Insbesondere die Wortbeiträge von Dr. Barbara Happe vom Dachverband Kritische Aktionäre sowie von Alexander Lurz, der sich bei Greenpeace als Experte für Abrüstung engagiert, gingen dabei in die Tiefe. Beide kritisierten die Partnerschaft scharf: „Rheinmetall verdient es nicht, diese Imagepolitur von ihnen zu bekommen“, sagte Dr. Happe. Der Rüstungskonzern kenne „keine Skrupel bei der Aufrüstung von Despoten“. Sie beantrage, die Geschäftsführung nicht zu entlasten. Lurz konfrontierte die Geschäftsführung um den Vorsitzenden Hans-Joachim Watzke mit dem Werbeslogan „Low cost to kill“, den Rheinmetall bei einer Rüstungsmesse 2015 in Abu Dhabi verwendet habe. „Das ist ihr Geschäftspartner. Den haben sie sich freiwillig ausgesucht.“

BVB-Geschäftsführer Carsten Cramer erwiderte, der BVB habe „ein gutes Recht, bestimmte Verträge abzuschließen“, sofern sich die Partner nicht unter anderem den Nachhaltigkeitskriterien des Klubs widersetzen würden. Das Sponsoring-Geschäft sei „nicht mehr ganz so einfach, wenn wir uns immer weiter kasteien und Branchen einschränken, dann wird es irgendwann schwierig, Sponsoren zu finden“. Die Kontaktaufnahme habe wechselseitig über einen längeren Zeitraum stattgefunden. Am Ende habe der Klub eine „Abwägungsentscheidung“ getroffen, wie es Hans-Joachim Watzke, Vorsitzender der Geschäftsführung des BVB erklärte – auch auf Basis von Rückmeldungen aus der Politik. „Alle Gremien haben signalisiert, dass sie das vertreten können. Aber ich verstehe, wenn es andere Meinungen gibt.“

Digitale Umfrage in 2025

Die Partnerschaft zwischen Rheinmetall und dem BVB war Ende Mai bekanntgeworden, nur wenige Tage vor dem Champions-League-Finale gegen Real Madrid. Der Vertrag hat eine Laufzeit von drei Jahren und bringt dem BVB jährlich eine hohe einstellige Millionensumme ein. Der Klub argumentierte damals unter anderem mit der Zeitenwende und dem russischen Einmarsch in die Ukraine, der die Notwendigkeit eines gesellschaftlichen Diskurses über die Wehrhaftigkeit der Demokratie nötig mache.

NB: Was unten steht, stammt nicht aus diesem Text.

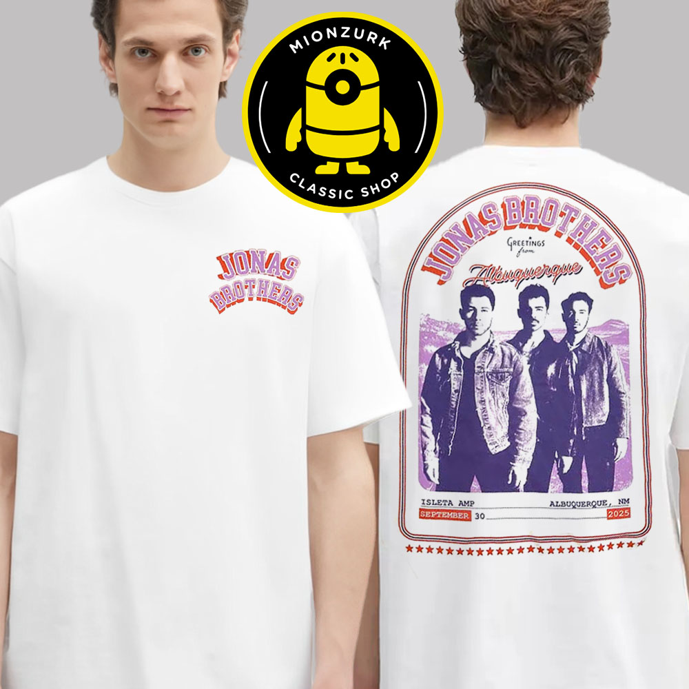 Mionzurk: About Jonas Brothers Merch City Tee Greetings From Albuquerque MN At Isleta AMP On September 30 2025 Two Sided Unisex T-Shirt Introduction
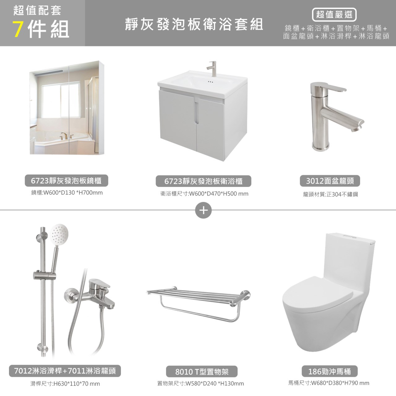 靜灰發泡板7件組(多尺寸)
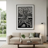 El tronco y las raíces no son meras estructuras botánicas, sino un laberinto de líneas cinéticas que generan una ilusión de movimiento y volumen. El uso del rayado vertical en el fondo crea una atmósfera de lluvia estática o estática visual, lo que acentúa la solidez del árbol frente a un entorno vibrante pero etéreo. Es una obra de gran densidad psicológica, donde la madera (el soporte original) se convierte en el lenguaje mismo para representar la fuerza inquebrantable de la naturaleza.
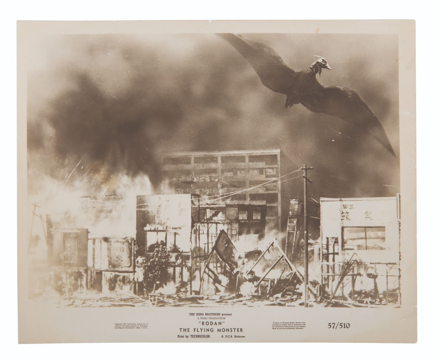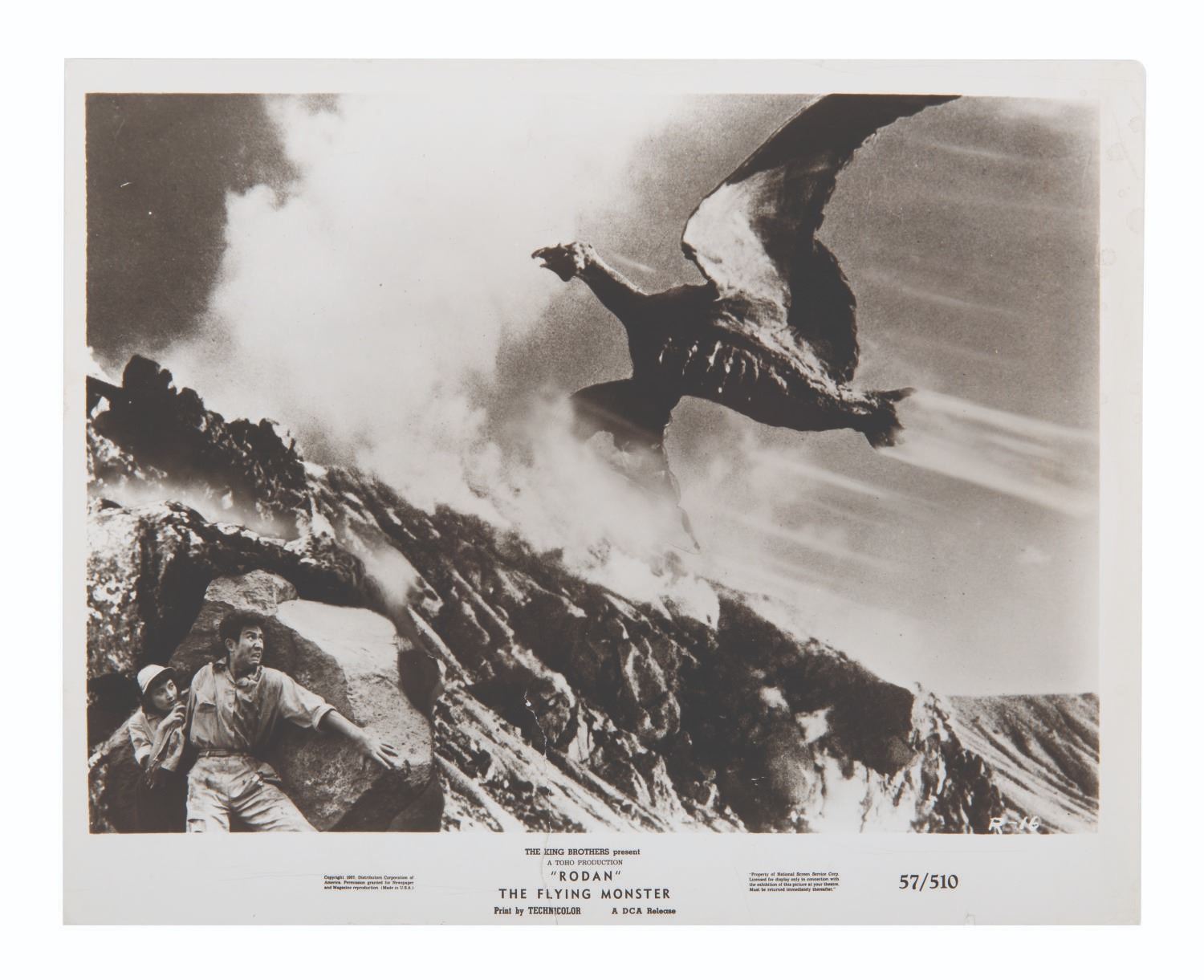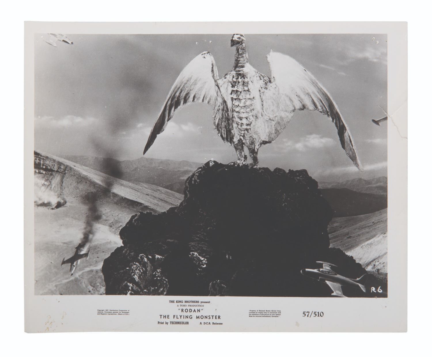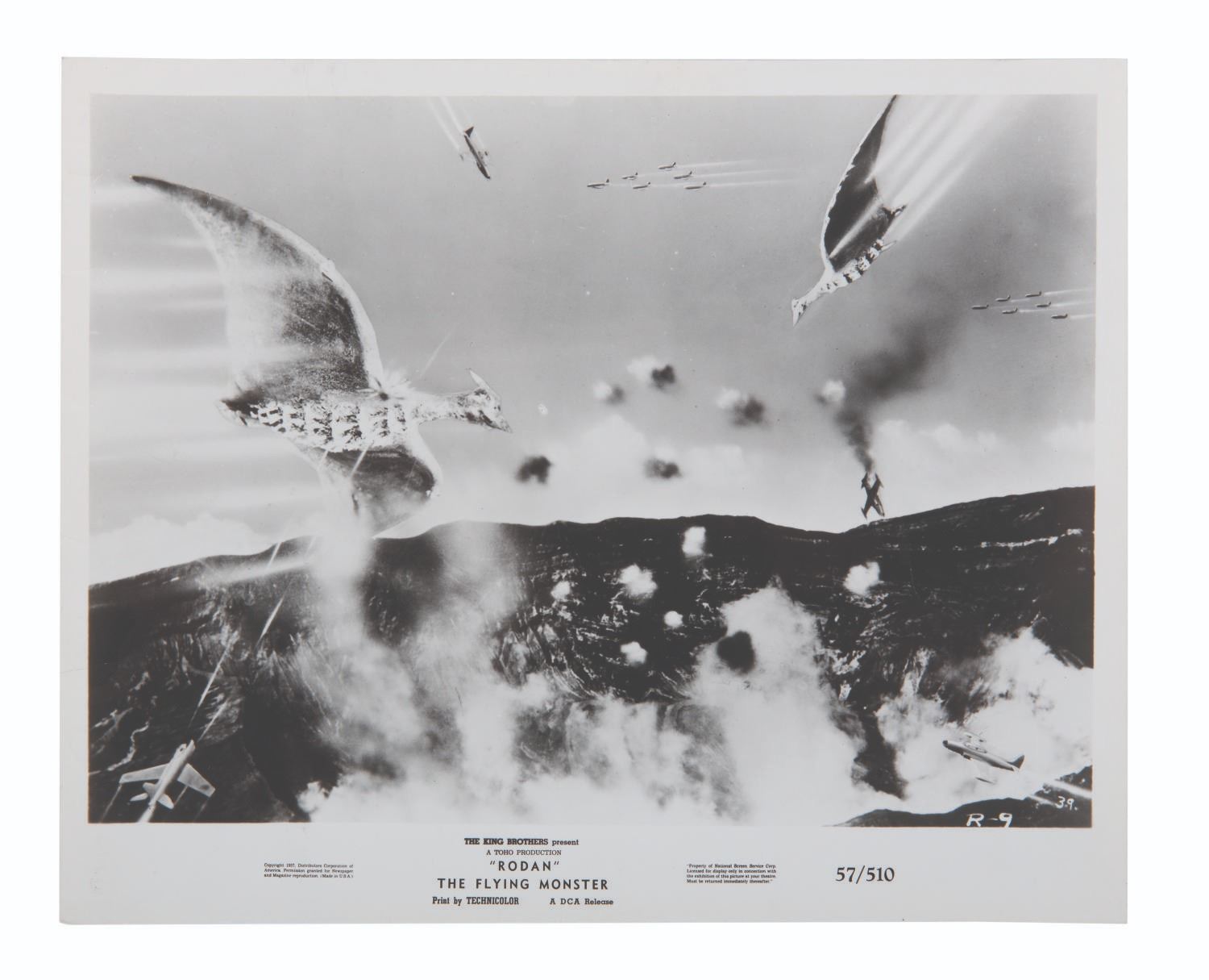 (Toho, 1957) A collection of 12 publicity photos, with two duplicates, for the American release of the Japanese kaiju film"Rodan." Measuring 8" x 10" each, the photos are in fair to good condition with discoloration from age, stains, scratches, creases, folds, writing, edge tears up to 2.25" long, and glue residue on the reverse of two.
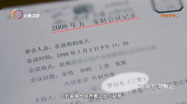 专题片披露,罗应光不仅在工作中、单位里享受众星捧月的感觉,回到家中也依然要过足“官瘾”。他家经常开家庭会议,竟然也有“秘书长”“副秘书长”,还要发会议纪要。
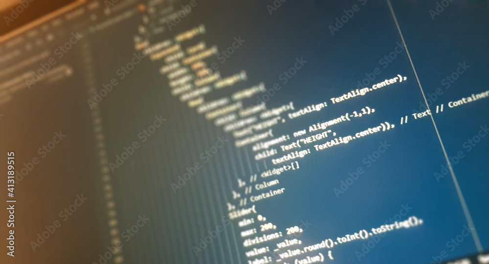 The watermark will not be included on Wall mural.: Screen of flutter application developing code - lines of code on computer screen
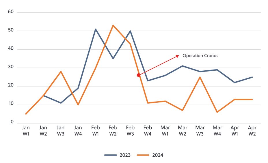 To date the operation appears to be a success. A comparison of LockBit’s publicly reported victims for the first 12 weeks of 2023 and 2024 shows a decline in overall activity (see figure 1 below). Though the group was able to restore enough infrastructure to continue operating, and is attempting to develop the next iteration of the ransomware variant, it is likely that activity surrounding the strain will continue to taper off as affiliates abandon it for other alternatives.
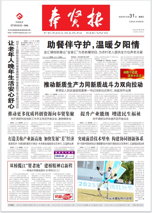 高质量发展是新时代的硬道理。党的二十届四中全会把推动高质量发展作为“十五五”时期经济社会发展的主题。近日,区委书记刘平强调,“要牢牢把握‘十五五’期间的目标任务,坚定不移推动高质量发展。”三十年前,奉浦大桥让奉贤“跨过黄浦江”;三十年后,奉贤要以建桥精神“迈向新时代”,奋力书写“奉贤美、奉贤强”新篇章。
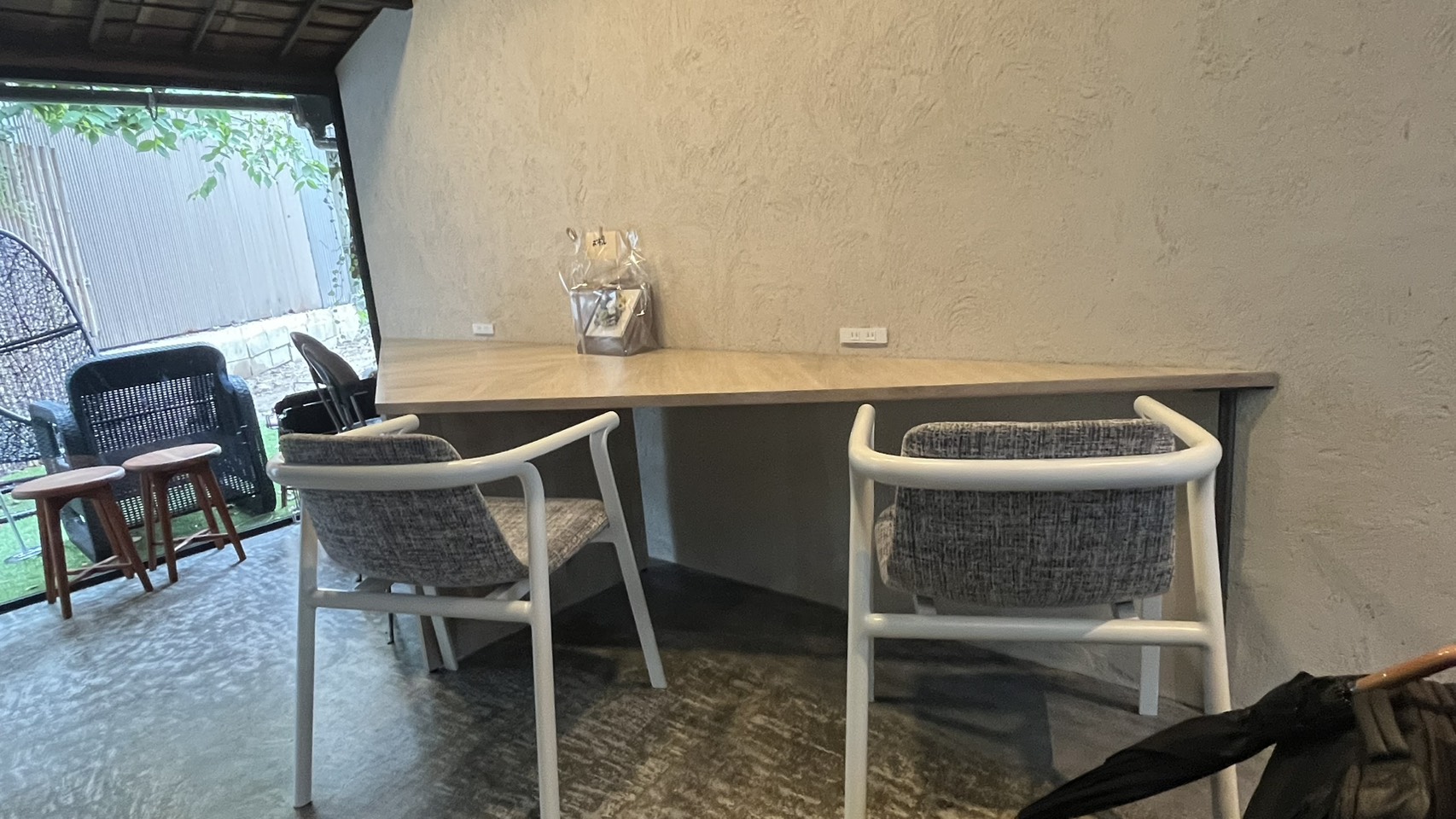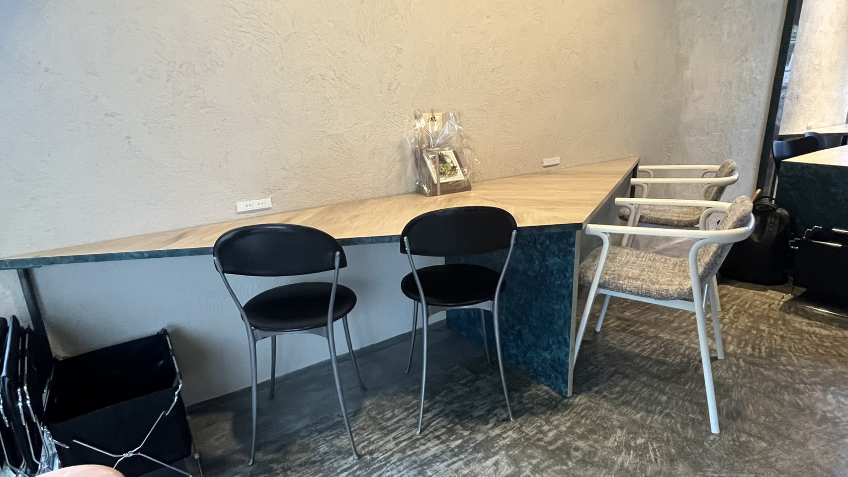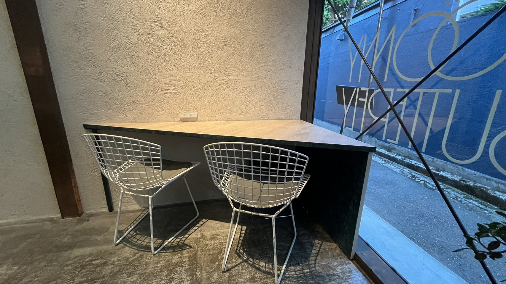 こちら入口前にも2席。よくみてみると、全部三角形のテーブルで面白いですね!また、椅子の種類もさまざまです。
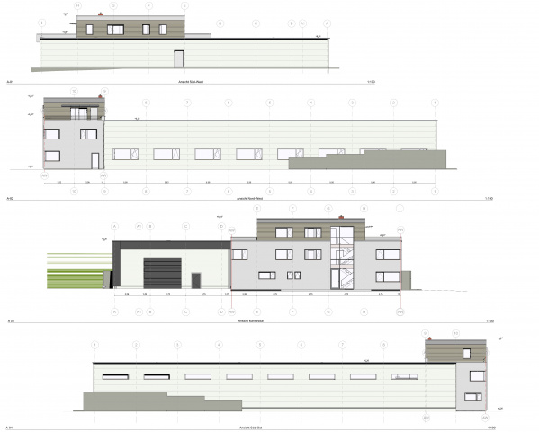 Entsprechend der Vorgabe des Bauherren ist eine vollständige Verlagerung der Produktion und der Verwaltung Ziel der Aufgabenstellung. Das vorgelagerte zweigeschossige Bürogebäude mit Staffelgeschoss dient repräsentativen Zwecken und beinhaltet die notwendigen Büro-und Sozialflächen für die Mitarbeiter wie Umkleiden, Wasch- und WC Räume sowie die Aufenthaltsbereiche.
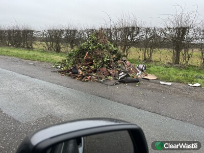 Driving East on Manton lane found a full load of conifer cut offs on verge. Obviously a pick-up truck with a tipper as is evident the way the load piled up
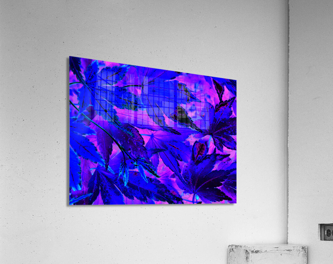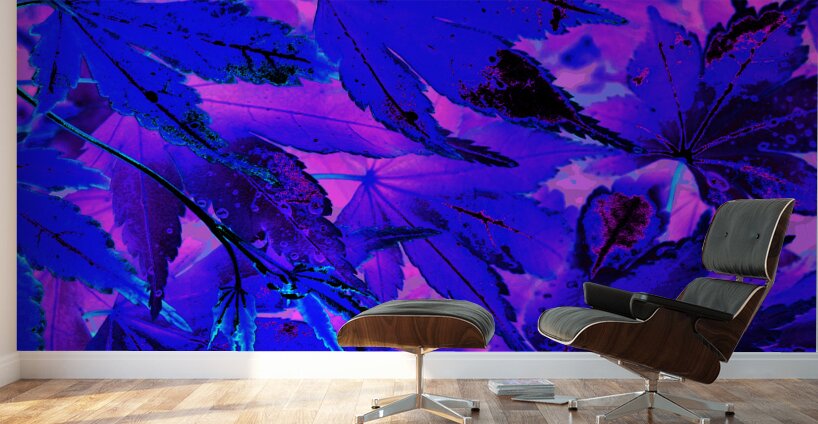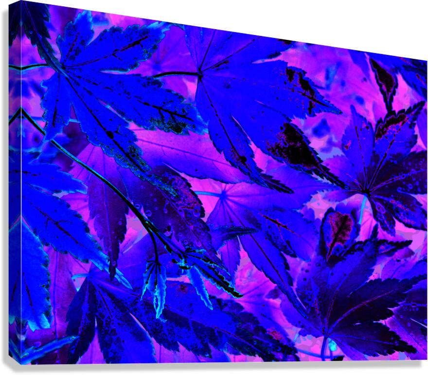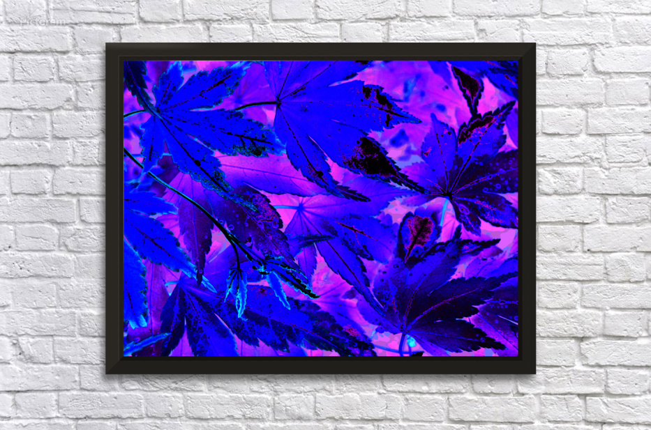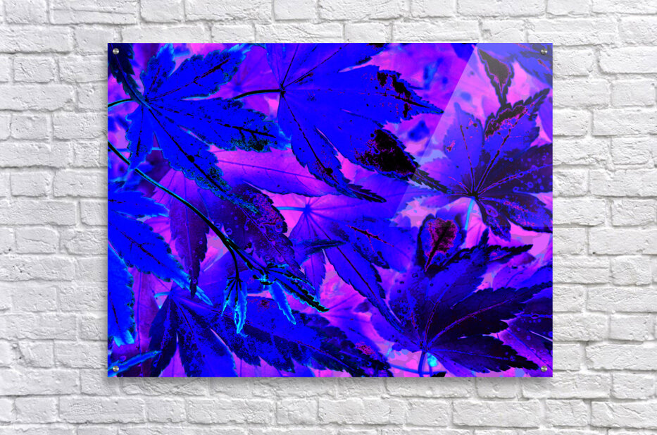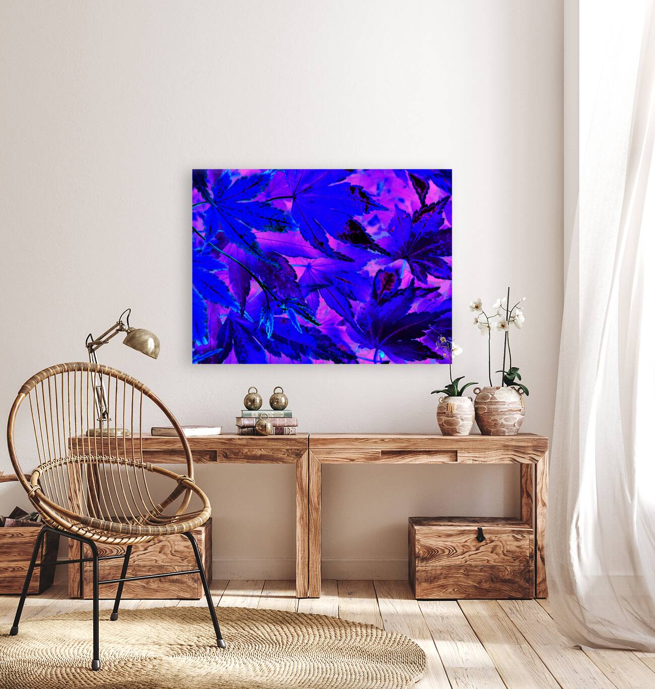 Originally a coloured photo of Acer leaves, laterally digitally manipulated into a stunning piece of botanical contemporary art. Features vivid shades of blue and purple which create a striking contrast on overlapping Acer leaves. The leaves appear almost luminous against the dynamic background, enhancing their intricate patterns.
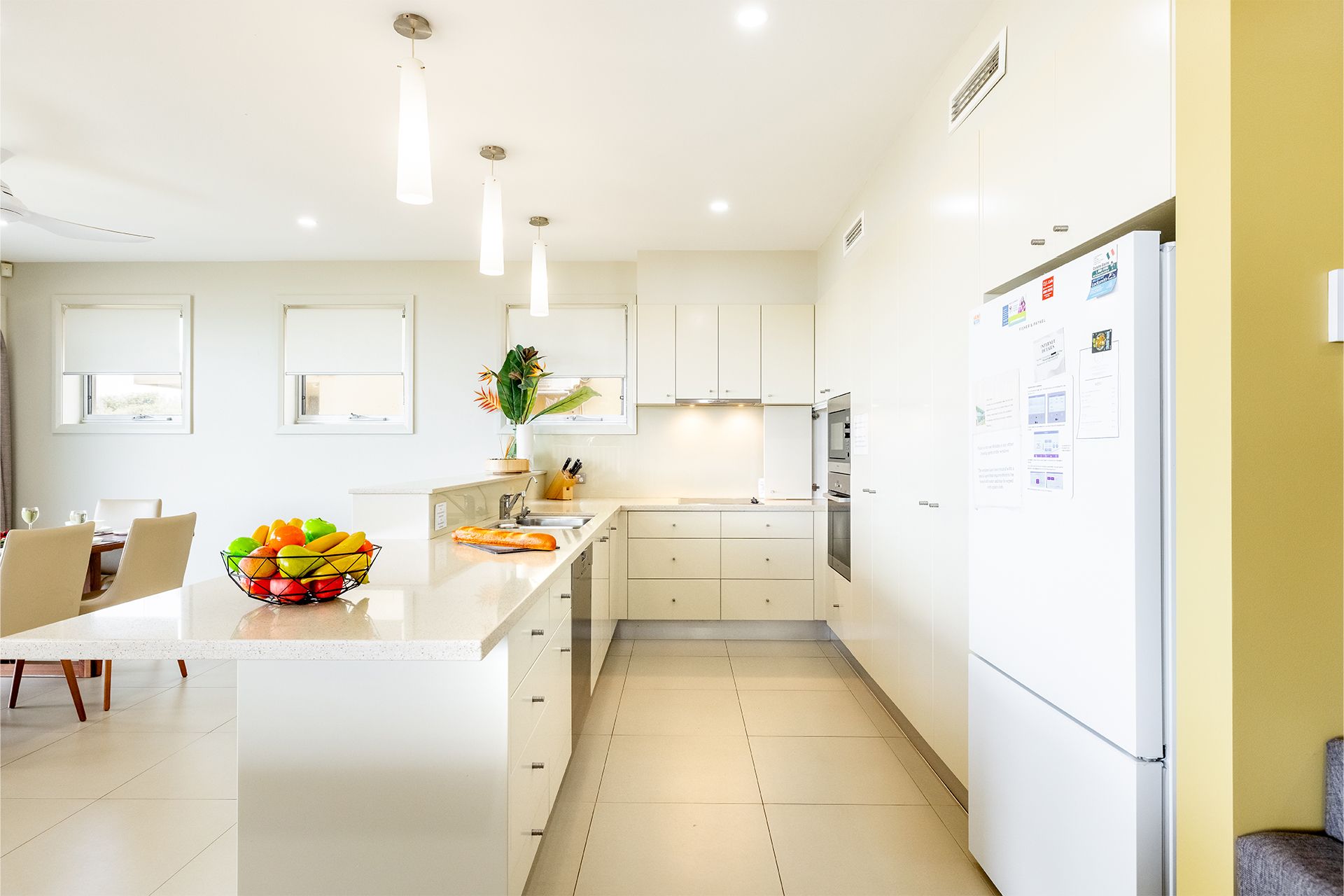 The spacious open-plan living area has mesmerizing ocean views and features a 65-inch big-screen Smart TV, ducted air conditioning to ensure your comfort, free unlimited W-Fi, Premium Foxtel and a sound bar. The kitchen is modern with high end Miele appliances and is fully equipped with complete cooking facilities including a dishwasher, microwave oven, family size fridge/ freezer, electric cook top and under bench oven, elegant stone benchtops and a Breville coffee machine.

Doch diese Argumentation konnte nicht alle im Umfeld des BVB überzeugen: 556 der 855 Teilnehmenden bei der Mitgliederversammlung – und damit die Mehrheit – stimmten am Sonntag für einen Antrag, der die schnellstmögliche Beendigung der Partnerschaft einforderte. Rechtlich bindend ist dieser Antrag allerdings nicht. Watzke sagte zu Beginn der Aktionärsversammlung, er akzeptiere das Ergebnis, „aber ich wünsche mir, dass wir uns ein Meinungsbild einholen, wie unsere aktuell 218.000 Mitglieder das Ganze sehen“. Eine digitale Abstimmung soll im kommenden Jahr unter allen Mitgliedern durchgeführt werden. Cramer gab zudem bekannt, dass 195 Mitglieder in unmittelbarem Zusammenhang mit der Rheinmetall-Partnerschaft aus dem Verein ausgetreten seien. Im gleichen Zeitraum seien allerdings 16.500 neue Mitglieder dazugekommen. Auch habe kein anderer Sponsor Abstand von seinem Engagement genommen. Mehr noch: Der Klub habe sich von allen Partner eine Unbedenklichkeitserklärung eingeholt, sagte Cramer.